- Country: United Kingdom
- Region: United Kingdom territorial waters
- Location: West of Shetland
- Block: 205/21a, 205/22a, 205/26b and 205/22b
- Offshore/onshore: offshore
- Coordinates: 60°11′N 3°52′W﻿ / ﻿60.183°N 3.867°W
- Operator: Hurricane Energy

Field history
- Discovery: 2009
- Start of development: November 2016
- Start of production: June 2019

Production
- Current production of oil: 13,300 barrels per day (~6.63×10^^{5} t/a)
- Estimated oil in place: 3,333 million barrels (~4.547×10^^{8} t)
- Producing formations: Naturally fractured Precambrian age granitic basement

= Lancaster oilfield =

Oil field near Scotland

The Lancaster oilfield is an offshore oil field in Scottish territorial waters 100 km west of Shetland and 170 km north of mainland Scotland in water depths of around 155 m.

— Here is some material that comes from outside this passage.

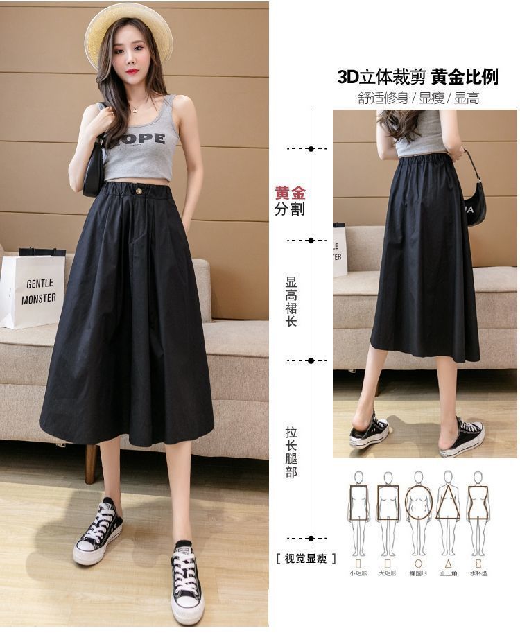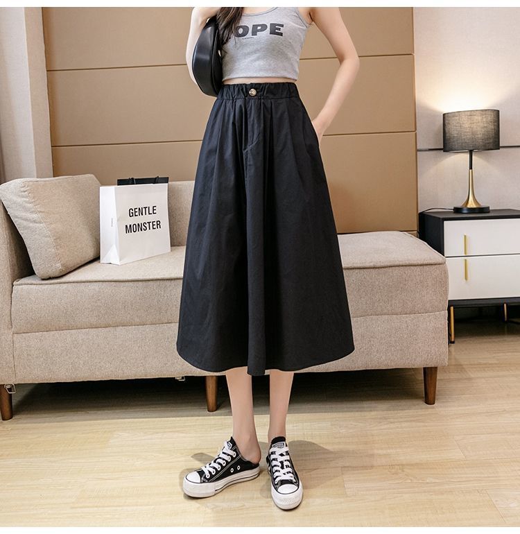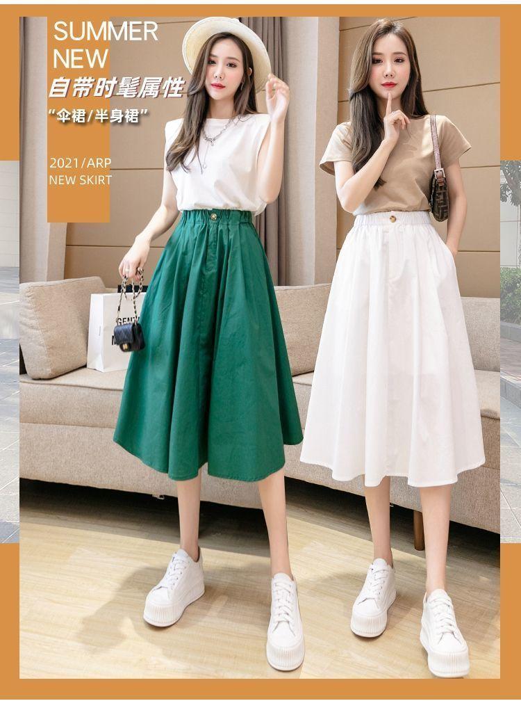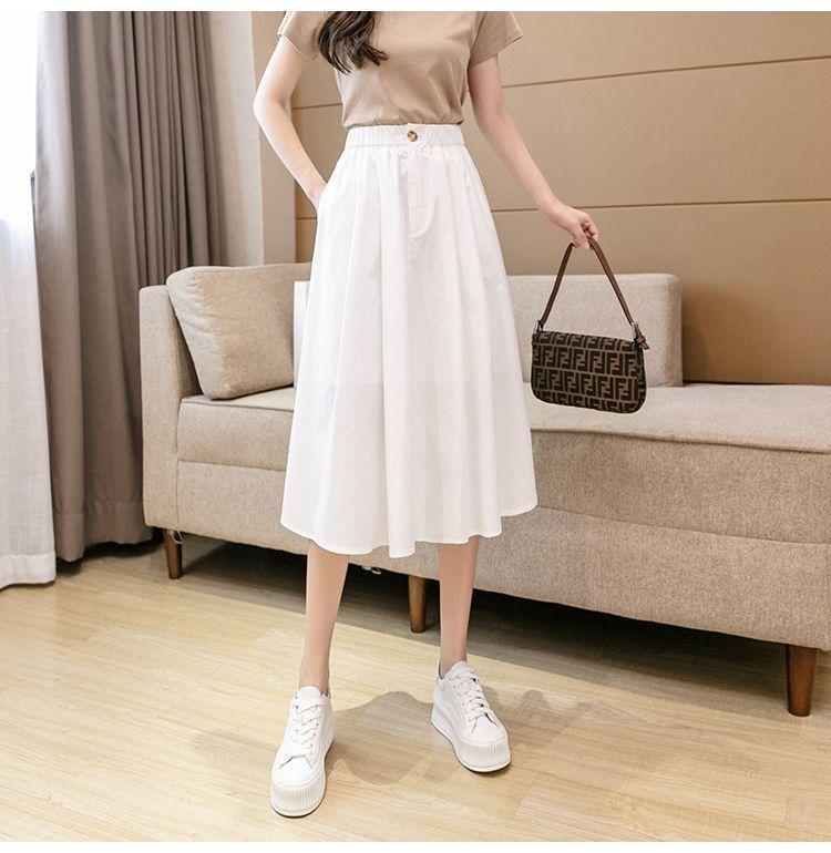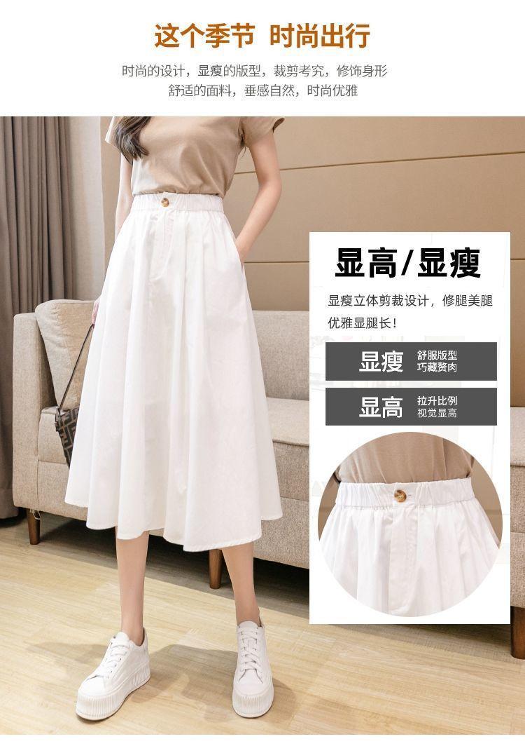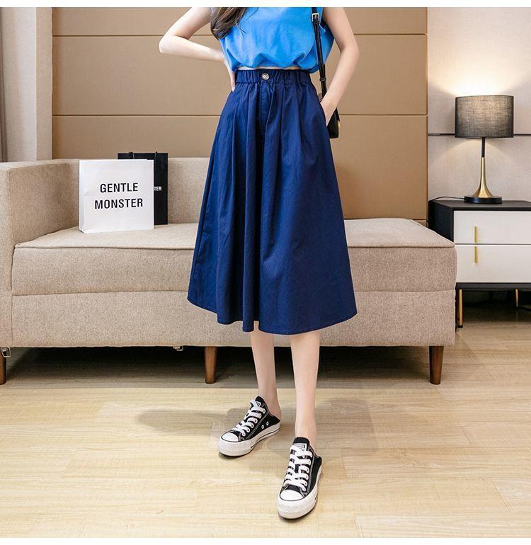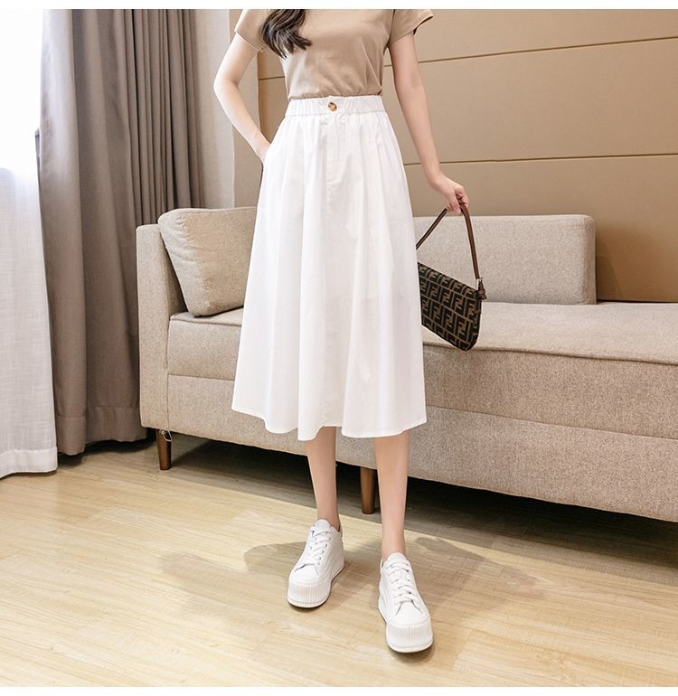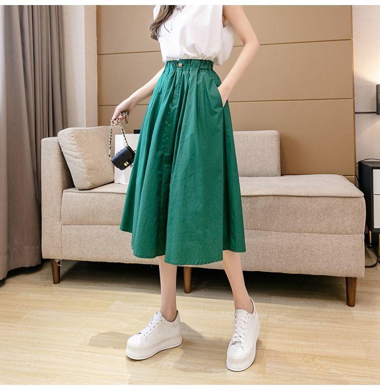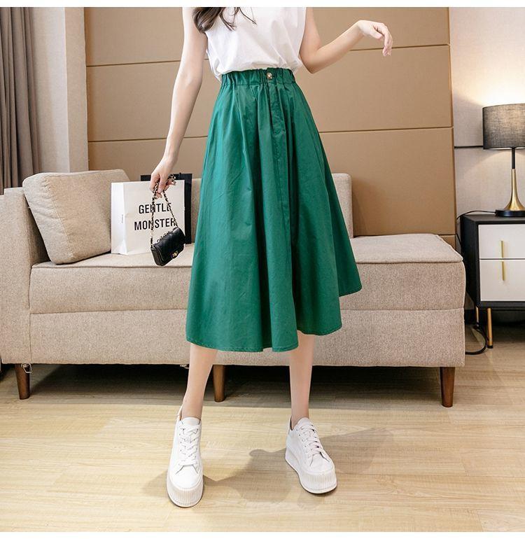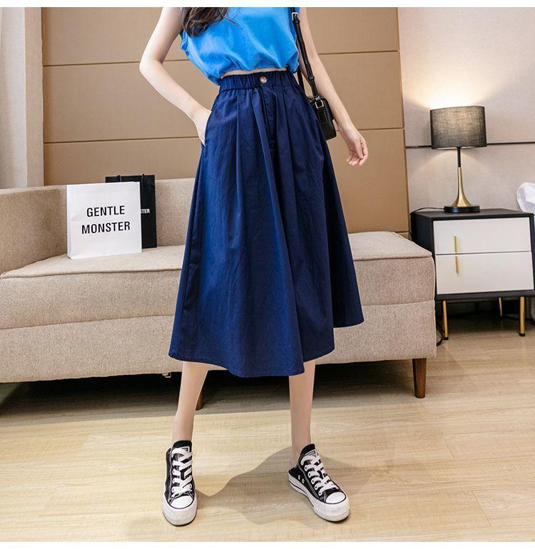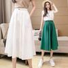 Falda de Trabajo de Moda de Verano para Mujer Estilo Japonés Largo Medio Falda Paraguas Cintura Alta Adelgazante Pequeña Combinable Línea A Falda de Vuelo Grande

It comprises licence blocks 205/21a, 205/22a, 205/26b and 205/22b in Licence P1368 (Central), all of which are fully owned by Hurricane Energy. It is the first naturally fractured basement oilfield in the United Kingdom Continental Shelf to reach production.

==History==
Exploration well 205-21-1A was drilled in 1974 by Royal Dutch Shell. It discovered light oil in naturally fractured Precambrian age granitic basement but was plugged and abandoned. This was the first well drilled by semi-submersible rig Ocean Voyager after construction. An astonishing feat West of Shetland in wintertime.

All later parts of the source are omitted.